问题是, 主线程怎么知道工作线程已经完成计算了? boost::thread::join()? 这需要这些个工作线程对象是你管理的, 而通常我们都是把任务丢到线程池了, 连线程对象都访问不到, join就更没希望了.

也许我们可以弄一个count, 再用条件变量联系起来, 主线程初始化了工作线程(或者把worker加入线程池)就去wait这个条件变量, 工作线程完成了就去count--, 减到0就notify. 就是说, 所有工作线程都完成工作的时候, 主线程会被唤醒来合并结果. 这种操作可以说比较模式化了, 于是人们就将其称为barrier, 通常翻译为”同步屏障”.

barrier指所有线程都到这个节点, 才能继续往下走. 举个例子, 某公司大门得所有员工打完卡才能开, 这个大门就是一个同步屏障, 大家都等在那. barrier的问题也很明显, 如果有一个员工在上班路上遭遇不幸, 这门就永远打不开了.

boost.barrier

为什么先说boost.barrier? 因为barrier根本没进C++11, 也没进C++17, 倒是C++20有提案, 我们稍后再讨论.

早期版本的boost.barrier是很简单的一个东西, 全部代码也就这么多:

class barrier
    {
    public:
        barrier(unsigned int count)
            : m_threshold(count), m_count(count), m_generation(0)
        {
            if (count == 0)
                throw std::invalid_argument("count cannot be zero.");
        }

        bool wait()
        {
            boost::mutex::scoped_lock lock(m_mutex);
            unsigned int gen = m_generation;

            if (--m_count == 0)
            {
                m_generation++;
                m_count = m_threshold;
                m_cond.notify_all();
                return true;
            }

            while (gen == m_generation)
                m_cond.wait(lock);
            return false;
        }

    private:
        mutex m_mutex;
        condition_variable m_cond;
        unsigned int m_threshold;
        unsigned int m_count;
        unsigned int m_generation;
    };

mutex和condition_variable没什么好讨论的. m_count用来记录到达的线程的, m_count减到0就会唤醒所有等待这个barrier的线程, 没错, 所有到达这个barrier的线程都会等待.

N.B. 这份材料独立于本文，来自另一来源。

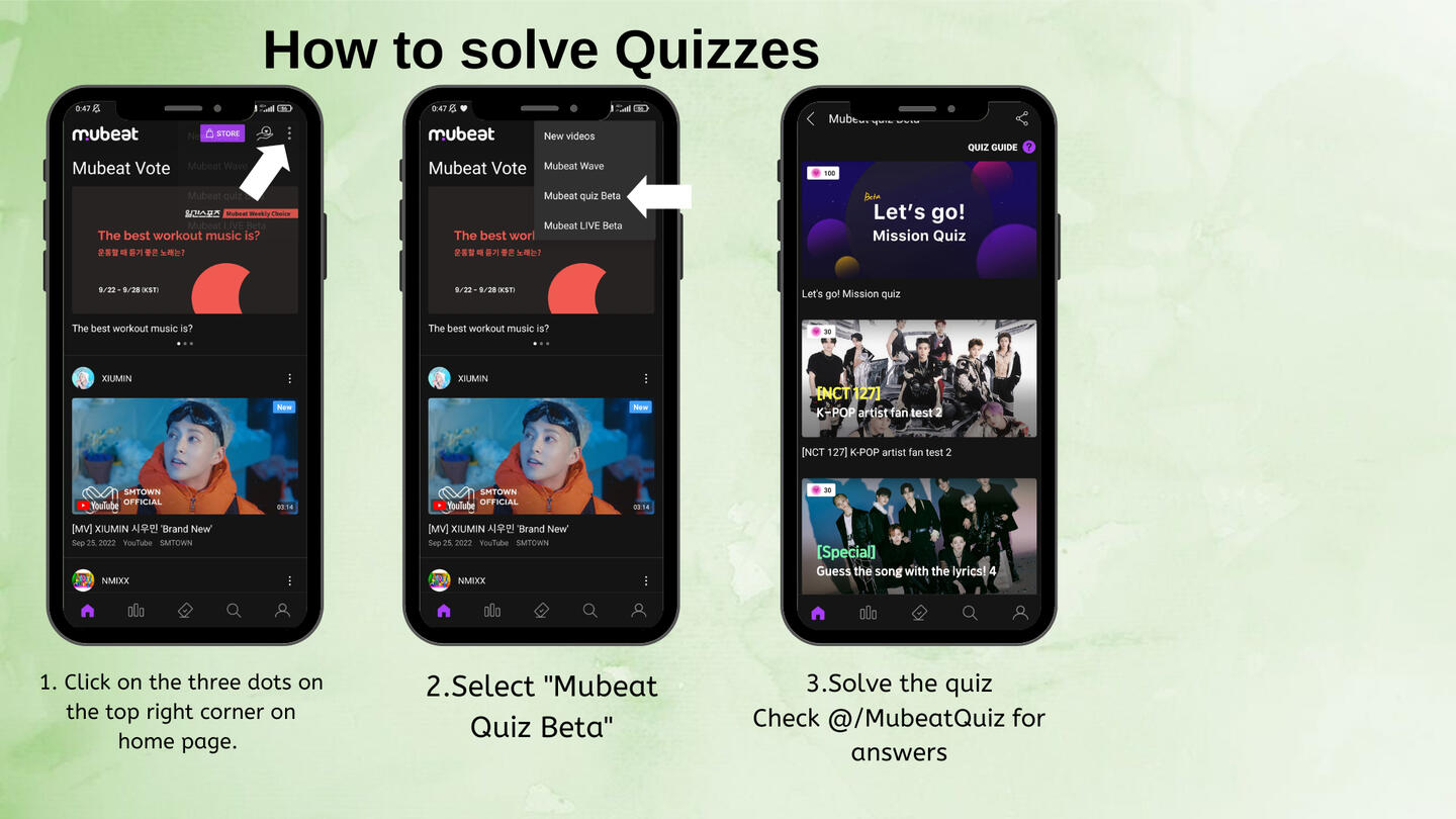 📍Check the answers carefully because the quizzes have time limit and if you get any question wrong, you will not be able to receive beats.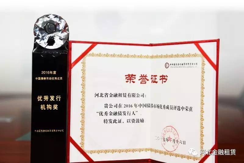 日前,中央國債登記結(jié)算有限責(zé)任公司發(fā)布2016年度中國債券市場優(yōu)秀成員評(píng)選結(jié)果,河北省金融租賃有限公司被評(píng)為“2016年度全國金融債優(yōu)秀發(fā)行人”,進(jìn)一步彰顯了河北金租的品牌和市場影響力。

m_threshold和m_generation得一起讲. boost.barrier被设计成可以玩好多轮, m_generation就是这个轮数, 而m_threshold是用来重置m_count的. 知道这个设定之后, wait函数就很好理解了: 对于先到的线程, 记录当前是第几轮, 如果被唤醒时, 还在那一轮, 说明是伪唤醒(spurious wakeup), 继续等[2]; 对于最后到的线程, m_count会减到0, m_generation增加, 使得其他线程唤醒时可以跳出循环. 另外m_count也会被重置, 唤醒所有等待的线程.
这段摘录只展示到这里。